Nella realtà, di trame e fronde interne al collegio cardinalizio sappiamo quel tanto che basta per non giudicare troppo caricaturali alcuni personaggi del film: non è così improbabile la figura del cardinal Tedesco (l’ottimo Sergio Castellitto), candidato di punta dell’ala tradizionalista, che vuole assolutamente un papa italiano, propugna la ripresa del latino ecclesiastico, chiede una chiesa più combattiva nei confronti delle altre fedi, giudica pericoloso relativismo l’atteggiamento dialogico ed è decisamente islamofobo.

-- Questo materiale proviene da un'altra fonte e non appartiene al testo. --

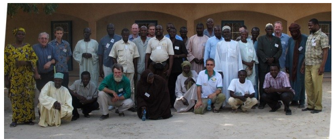
Participants in the 3 rd NEAN Meeting

A significant step forward occurred in 2010 with the formation of the Niger Edible Acacia Network (NEAN) - a group of organisations interested in developing and growing edible Acacias for multi-purpose use, including human food. This group has been meeting annually. The third NEAN meeting was held at Maradi from 1-2nd March 2012. There were 33 participants from four West African countries (Niger, Ghana, Senegal, Chad), representing nine organisations including seven Non Government Organisations (NGO’s), one government organisation and farmer groups present. Following a review of the NEAN vision statement, presentations from key food security and Acacia specialists with World Vision (WV) Australia outlined the use of Acacias for improving food security in the Sahel, progress on Acacia foods and their use in farming systems and the restoration of degraded lands. Local farmers also shared their successes and challenges of growing/using edible Acacias.

Un po’ più spinta, ma non del tutto inverosimile, la figura del cardinal Tremblay (John Lithgow), che si scopre aver stretto accordi in pre-conclave per avere i voti di alcuni cardinali (quel che in campo politico sarebbe voto di scambio e che in ambito ecclesiastico è in odore di simonia); altrettanto si potrebbe dire della segreta macchia (ma evitiamo lo spoiler) nel passato del cardinale africano Adeyemi (Lucian Msamati), di cui si dice, più verosimilmente, che sarebbe paradossale considerare «innovativa» la sua candidatura come primo papa nero quando in campo etico il cardinale africano rappresenta l’omofobia più radicale.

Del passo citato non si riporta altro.